Le moine le regarda un instant, et se remit à lire; mais son bréviaire tremblait visiblement dans sa main gauche, et il serrait son poing droit comme un homme agité par une émotion concentrée.

– À propos d’indulgences, dit Bois-Dauphin en se tournant vers ses camarades, savez-vous que je voudrais bien en avoir une pour faire gras aujourd’hui? Je vois dans la basse-cour de dame Margot des poulets qui me tentent furieusement.

– Parbleu! dit un des scélérats, mangeons-en, nous ne serons pas damnés pour cela. Nous irons demain à confesse, voilà tout.

– Écoutez, compères, dit un autre, il me vient une idée. Demandons à ces gros frocards-là de nous donner la permission de faire gras.

– Oui, comme s’ils le pouvaient! répondit son camarade.

– Par les tripes de Notre-Dame! s’écria Bois-Dauphin, je sais un meilleur moyen que tout cela, et je vais vous le dire à l’oreille.

Les quatre coquins s’approchèrent aussitôt tête contre tête, et Bois-Dauphin leur expliqua tout bas son projet, qui fut accueilli par de grands éclats de rire. Un seul des bandits montra quelque scrupule.

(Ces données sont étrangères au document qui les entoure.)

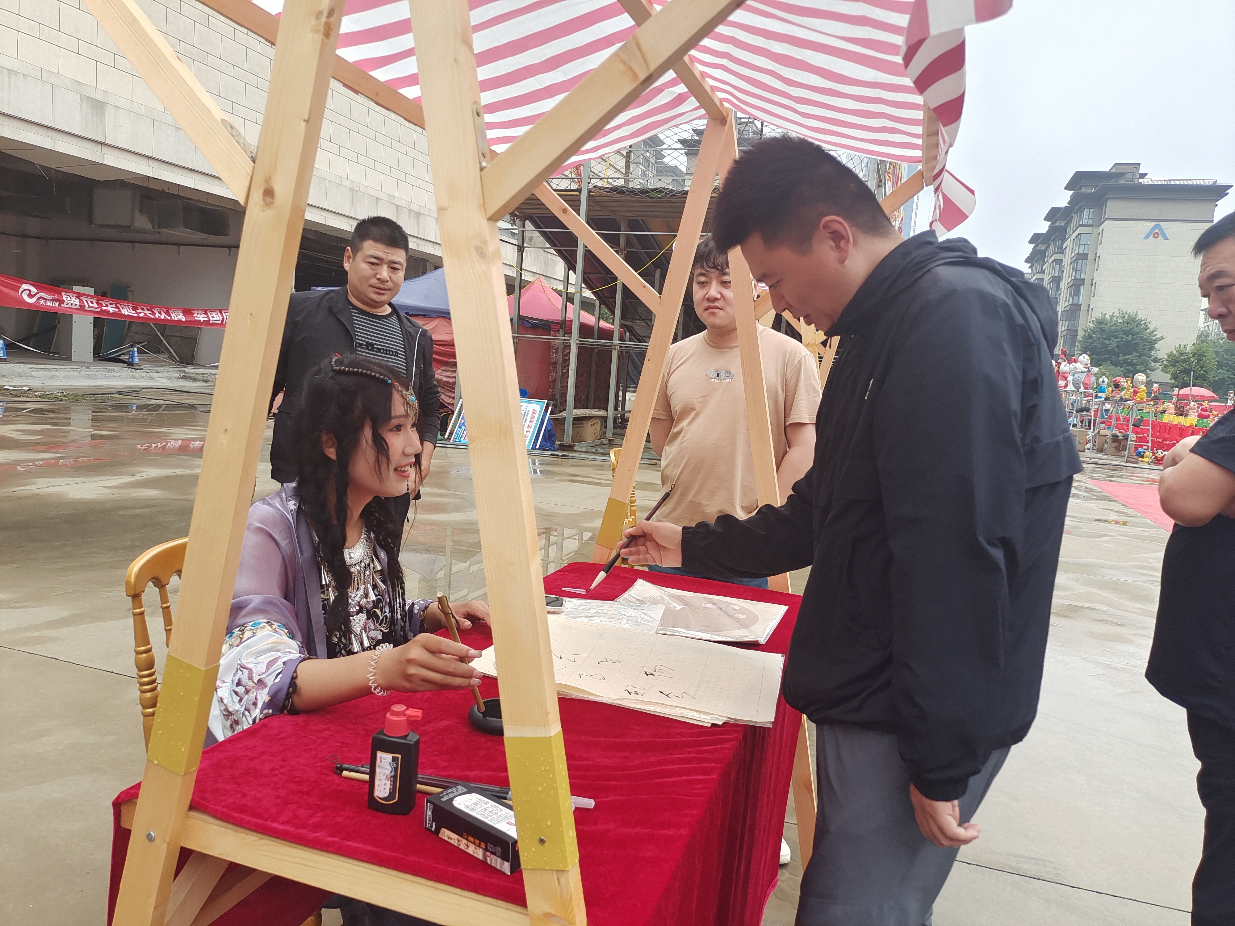 伴隨著開場舞《盛世歡歌》,“潮流雙節(jié)·中秋游園會暨國慶嘉年華”活動啟動儀式正式拉開帷幕。泥泥狗、剪紙、書法、繪制團扇……現(xiàn)場工作人員有的身著少數(shù)民族服裝,有的身著漢服,用親手制作的方式展示著傳統(tǒng)非物質文化遺產(chǎn)獨有的韻味,吸引著來往的大人小孩駐足。有的甚至親自參與制作,捏泥泥狗、寫毛筆字、畫傳統(tǒng)團扇……現(xiàn)場歡笑不斷,大家在親自動手的過程中充分感受著中國傳統(tǒng)節(jié)日的豐富文化內(nèi)涵。

– C’est une méchante idée que tu as la, Bois-Dauphin, et cela peut porter malheur; moi je n’en suis pas.

– Tais-toi donc, Cuillemain. Comme si c’était un gros péché que de faire flairer à quelqu’un la lame d’un poignard!

– Oui, mais un tonsuré!…

Ils parlaient à voix basse, et les deux moines semblaient chercher à deviner leurs projets par quelques mots qu’ils saisissaient dans leur conversation.

– Bah! il n’y a guère de différence, repartit Bois-Dauphin d’un ton plus haut. Et puis, comme cela, c’est lui qui fera le péché, et ce ne sera pas moi.

– Oui, oui! Bois-Dauphin a raison! s’écrièrent les deux autres.

Aussitôt Bois-Dauphin se leva et sortit de la salle. Un instant après, on entendit des poules crier, et le brigand reparut bientôt, tenant une poule morte de chaque main.

– Ah! le maudit! s’écriait dame Marguerite. Tuer mes poulets! et un vendredi! Qu’en veux-tu faire, brigand?

– Silence, dame Margoton, et ne m’échauffez pas les oreilles, vous savez que je suis un méchant garçon. Préparez vos broches et me laissez faire.

Puis s’approchant du frère alsacien:

– Ça, mon père, dit-il, vous voyez bien ces deux bêtes-ci? eh bien! je voudrais que vous me fissiez la grâce de les baptiser.